One step back in Italy, one step forward in Austria

Turning the populist tide will not be achieved by waiting for it to pass

One step back. One step forward. An Italian tarantella and a Viennese waltz combined in the latest round of Europe's "Strictly Coming Apart" – but is it Austria or Rome which is out of step here?

Sunday's No on Prime Minister Matteo Renzi's constitutional reform, and the defeat of far-right Norbert Hofer in Austria's rerun presidential are being read as indicators of the supposedly irresistible march of far-right populist/anti-establishment politics in the wake of Brexit and Trump. Austria's vote suggests the momentum may be beginning to stall, while Italy's, that there is still a fair wind for it.

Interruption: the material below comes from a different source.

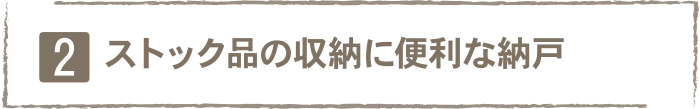玄関ホールに面して約1.3畳の納戸を設置。季節物やストック品の収納に便利な空間です。

With French and German elections scheduled for next year, and possibly Italian elections, in all of which the far-right parties will play a key role, could this runaway train even yet put the future viability of the EU in doubt?

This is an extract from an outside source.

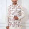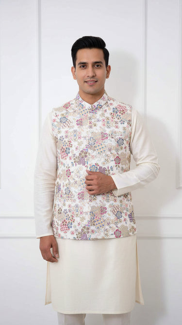 Elevate your wardrobe with this stunning Pastel Floral Nehru Jacket, crafted from luxurious jacquard silk. The cream base features delicate pastel flowers, complemented by intricate zari and sequin embroidery that catches the light beautifully. This button-up style combines traditional craftsmanship with contemporary flair, complete with stylish buttons, functional side pockets, and a coordinating pocket square. Perfect for layering over traditional wear or pairing with modern pieces for an effortlessly sophisticated look.

And yet it has been a feature of the rise of populism across the continent that, although strong, it is manifest in very different political forms . Not least on the future of the EU.

READ MORE

Hofer's Freedom Party, established by ex-Nazis, is sceptical of Europe, but he has stopped well short of calling for Austria to leave the EU and has refered to what he said was Britain's "tragic" vote to leave. He was also backed by most of the strongly pro-EU conservative People's Party.

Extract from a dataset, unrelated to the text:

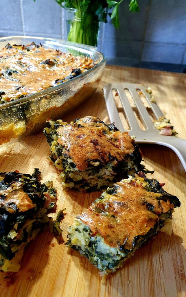 Gâteau de riz aux légumes verts (épinards, poireaux et parmesan)

While Italians in the referendum may have embraced the strong anti-Renzi message of Eurosceptic Bepe Grillo’s Five Star Movement and of the far-right Northern League, it is unlikely either party, even after a successful election, would produce a majority for a referendum on euro membership, let alone see it passed. Both, however, were yesterday demanding elections, confidently predicting they will be in the next government.

Renzi’s mistake was not so much to propose overambitious constitutional reform – Grillo promises the same – but to stake his own fate on an unnecessary poll. Like Irish politicians he is learning that voters are capable of voting in referendums on any issue preoccupying them rather than that on the ballot paper.

But that message is sinking in: “The ‘no’ won in an incredibly clear way,” Renzi said yesterday, letting off a broadside at the EU and German-imposed economic austerity. But it is a message that EU leaders would do well to heed – turning the populist tide will not be achieved simply by waiting for it to pass.

But it is important not to overstate the likely impact of Sunday's polls. Arguably, Italian politics have simply returned to their default position of instability, legislative gridlock, and inability to reform – and that, after all is an Italy we have all lived with since the second World War.

The markets fell yesterday, then rose again, unsurprised by the result. There is pressure on the banks, looking to raise around €20 billion in coming months – recapitalisation may more difficult, but the challenge is little different to that before the vote.